To simplify the explanation of what I need, assume that I would like pass a SEXP variable specifying the number of columns to create in the variable part. Something like:
RcppExport SEXP myFunc(SEXP n, SEXP <other stuff>)
IntegerVector i1(3); <compute i1>
IntegerVector i2(3); <compute i2>
for(int i=0;i<n;i++){compute vi}
DataFrame df = DataFrame::create(Named("Num")=i1,Named("ID")=i2,...,other columns v1 to vn);
where n is passed as an argument. The final data frame in R would look like
Num ID V1 ... Vn
1 2 5 'aasda'
...
(In reality, the column names will not be of the form "Vx", but they will be known at runtime.) In other words, I cannot use a static list of
Named()=...
since the number will change.
I have tried skipping the "Named()" part of the constructor and then naming the columns at the end, but the results are junk.
Can this be done?
If I understand your question correctly, it seems like it would be easiest to take advantage of the DataFrame constructor that takes a List as an argument (since the size of a List can be specified directly), and set the names of your columns via .attr("names") and a CharacterVector:
#include <Rcpp.h>
// [[Rcpp::export]]
Rcpp::DataFrame myFunc(int n, Rcpp::List lst,
Rcpp::CharacterVector Names = Rcpp::CharacterVector::create()) {
Rcpp::List tmp(n + 2);
tmp[0] = Rcpp::IntegerVector(3);
tmp[1] = Rcpp::IntegerVector(3);
Rcpp::CharacterVector lnames = Names.size() < lst.size() ?

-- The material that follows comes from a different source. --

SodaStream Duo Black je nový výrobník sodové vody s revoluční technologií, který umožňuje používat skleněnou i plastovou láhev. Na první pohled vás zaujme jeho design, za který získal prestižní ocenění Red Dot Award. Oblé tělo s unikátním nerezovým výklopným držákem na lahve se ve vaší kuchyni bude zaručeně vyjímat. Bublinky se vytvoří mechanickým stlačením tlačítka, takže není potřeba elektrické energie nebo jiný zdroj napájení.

lst.attr("names") : Names;
Rcpp::CharacterVector names(n + 2);
names[0] = "Num";
names[1] = "ID";
for (std::size_t i = 0; i < n; i++) {
// tmp[i + 2] = do_something(lst[i]);
tmp[i + 2] = lst[i];
if (std::string(lnames[i]).compare("") != 0) {
names[i + 2] = lnames[i];
} else {
names[i + 2] = "V" + std::to_string(i);
}
}
Rcpp::DataFrame result(tmp);
result.attr("names") = names;
return result;
}
There's a little extra going on there to allow the Names vector to be optional - e.g. if you just use a named list you can omit the third argument.

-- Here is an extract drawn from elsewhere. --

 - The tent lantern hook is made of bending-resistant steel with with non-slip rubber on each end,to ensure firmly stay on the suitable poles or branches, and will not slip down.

lst1 <- list(1L:3L, 1:3 + .25, letters[1:3])
##
> myFunc(length(lst1), lst1, c("V1", "V2", "V3"))
# Num ID V1 V2 V3
#1 0 0 1 1.25 a
#2 0 0 2 2.25 b
#3 0 0 3 3.25 c
lst2 <- list(
Column1 = 1L:3L,
Column2 = 1:3 + .25,
Column3 = letters[1:3],
Column4 = LETTERS[1:3])
##
> myFunc(length(lst2), lst2)
# Num ID Column1 Column2 Column3 Column4
#1 0 0 1 1.25 a A
#2 0 0 2 2.25 b B
#3 0 0 3 3.25 c C
Just be aware of the 20-length limit for this signature of the DataFrame constructor, as pointed out by #hrbrmstr.

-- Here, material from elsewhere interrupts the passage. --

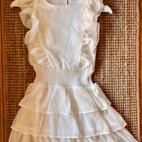 Søkeord: kjole, volang, sommerkjole, barn, jente, str 110, beige, bomull, barneklær, fest, hverdag, søt, vintage-stil, nøytral farge

It's an old question, but I think more people are struggling with this, like me. Starting from the other answers here, I arrived at a solution that isn't limited by the 20 column limit of the DataFrame constructor:
// [[Rcpp::plugins(cpp11)]]
#include <Rcpp.h>
#include <string>
#include <iostream>
using namespace Rcpp;
// [[Rcpp::export]]
List variableColumnList(int numColumns=30) {
List retval;
for (int i=0; i<numColumns; i++) {
std::ostringstream colName;
colName << "V" << i+1;
retval.push_back( IntegerVector::create(100*i, 100*i + 1),colName.str());
}
return retval;
}
// [[Rcpp::export]]
DataFrame variableColumnListAsDF(int numColumns=30) {
Function asDF("as.data.frame");
return asDF(variableColumnList(numColumns));
}
// [[Rcpp::export]]
DataFrame variableColumnListAsTibble(int numColumns=30) {
Function asTibble("tbl_df");
return asTibble(variableColumnList(numColumns));
}
So build a C++ List first by pushing columns onto an empty List. (I generate the values and the column names on the fly here.) Then, either return that as an R list, or use one of two helper functions to convert them into a data.frame or tbl_df. One could do the latter from R, but I find this cleaner.